Exercise reduces musculoskeletal pain—but not because people get stronger
Exercise is widely accepted as a cornerstone of treatment for most musculoskeletal pain conditions. It is the first-line recommendation for problems such as tendinopathy, rotator cuff–related shoulder pain, low back pain, and osteoarthritis. The dominant explanation given to patients and clinicians alike is simple and intuitive: exercise works because strength increases, and pain decreases as a result. However, growing evidence suggests this explanation is largely unsupported. An article in British Journal of Sports Medicine presents alternative mechanisms based in current scientific evidence.
Across a wide range of MSK conditions, exercise consistently improves pain and function—but strength gains rarely explain why. Systematic reviews and mediation studies show no meaningful causal link between changes in muscle strength or tissue structure and improvements in pain or disability. This has been demonstrated in Achilles and patellar tendinopathy, rotator cuff–related shoulder pain, patellofemoral pain, and knee osteoarthritis. In knee OA, for example, improvements in knee extension strength explain only about 2% of the total benefit of exercise. The pattern is clear: exercise helps, but not primarily because muscles get stronger.
This mismatch between outcomes and assumed mechanisms matters. From a scientific perspective, causal explanations require more than correlation. Without identifying valid mechanisms, claims about why exercise works remain weak and unstable. Clinically, mechanistic narratives shape how therapists explain pain and how patients understand their bodies. Overemphasising strength risks reinforcing unhelpful beliefs—such as the idea that pain reflects weakness, damage, or fragility—and may demoralise patients who do not see measurable strength gains despite meaningful improvements in pain or function.
Mechanistic understanding also matters for research quality. Trials that report only whether exercise works, without examining how it works, miss opportunities to refine treatment design. Understanding mechanisms allows interventions to become more targeted, efficient, and adaptable to individual patients.
So what does the evidence suggest instead? Emerging research points to multidimensional bio-psycho-social mechanisms that better explain exercise-related pain relief. Improvements in pain self-efficacy, reductions in catastrophising, and changes in pain-related beliefs have been shown to mediate improvements in conditions such as osteoarthritis and low back pain. Reduced kinesiophobia (fear of movement) explains benefits in shoulder pain and back pain. In knee osteoarthritis, reductions in inflammatory biomarkers have also mediated pain improvement following exercise and lifestyle interventions. Trust, motivation, confidence, and the therapeutic relationship further shape outcomes by influencing engagement, adherence, and meaning.

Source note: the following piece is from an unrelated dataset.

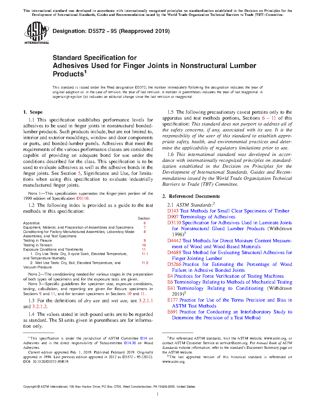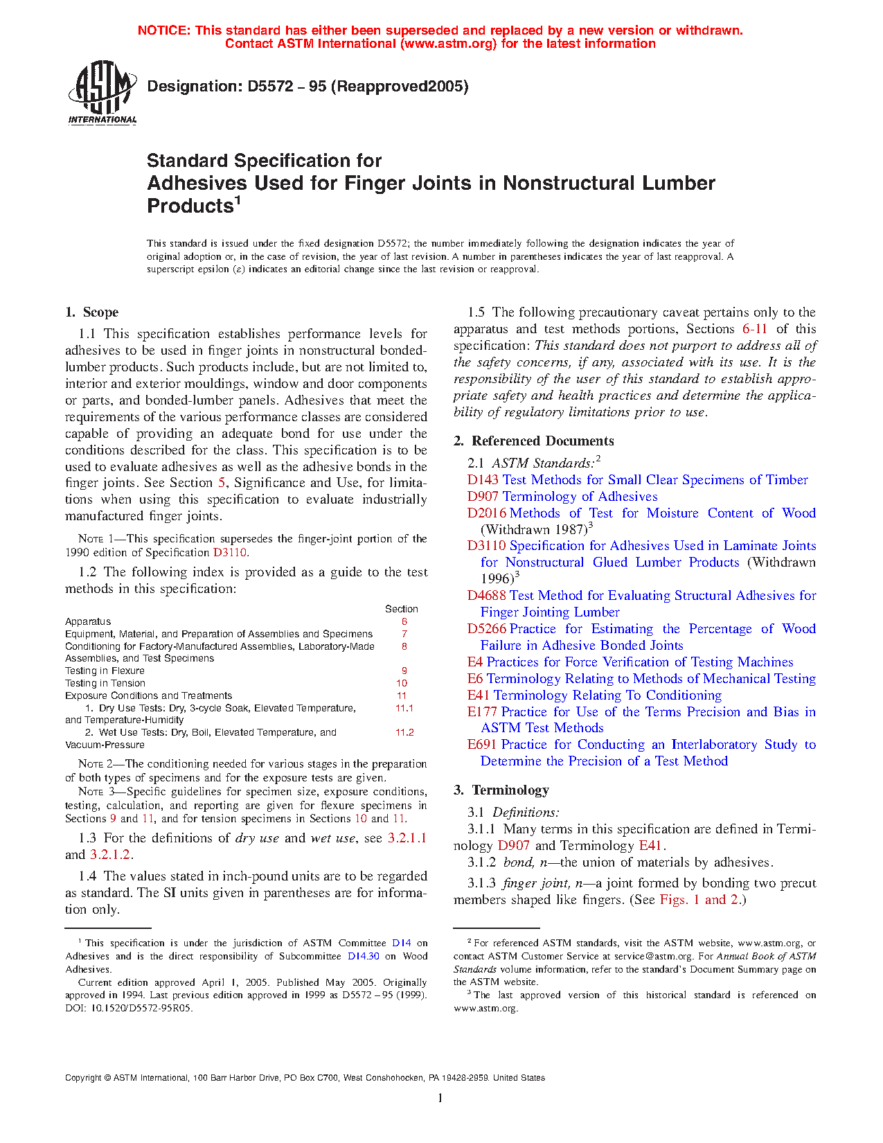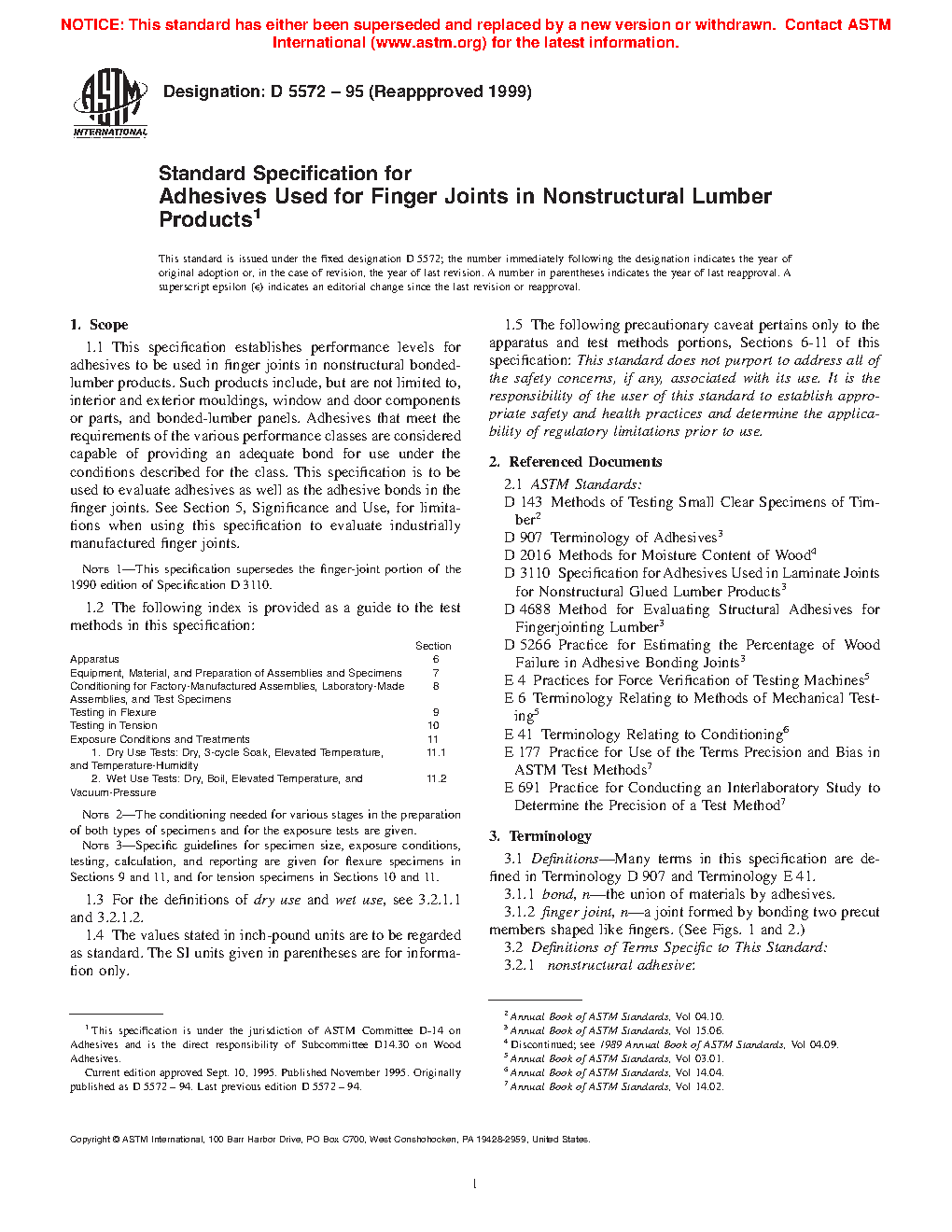 1.1 This specification establishes performance levels for adhesives to be used in finger joints in nonstructural bonded-lumber products. Such products include, but are not limited to, interior and exterior mouldings, window and door components or parts, and bonded-lumber panels. Adhesives that meet the requirements of the various performance classes are considered capable of providing an adequate bond for use under the conditions described for the class. This specification is to be used to evaluate adhesives as well as the adhesive bonds in the finger joints. See Section , Significance and Use, for limitations when using this specification to evaluate industrially manufactured finger joints. Note 1This specification supersedes the finger-joint portion of the 1990 edition of Specification D 3110.

Together, these findings suggest that exercise supports recovery by changing how people move, think, feel, and relate to pain, rather than by simply increasing force production. Exercise may recalibrate threat perception, improve confidence in movement, dampen systemic inflammation, and enhance a person’s sense of agency and capability. These effects can occur even when strength changes are small or absent.
For clinical practice, the implication is not to abandon strength training—but to update the story. Strength remains important for general health, functional independence, fall prevention, and long-term resilience. However, it should not be presented as the primary reason pain improves. A more accurate and empowering message is that exercise helps people adapt—physically, psychologically, and socially—in ways that reduce pain and restore function.
For researchers, the message is equally clear: future trials should test mechanisms, not just outcomes. Prospective mediation analyses that include psychological, inflammatory, and contextual factors are essential.
In short, exercise remains one of our most powerful tools in MSK care—but its benefits extend well beyond strength. Recognising this allows therapists to communicate more honestly, individualise treatment more effectively, and better reflect the true complexity of recovery from pain.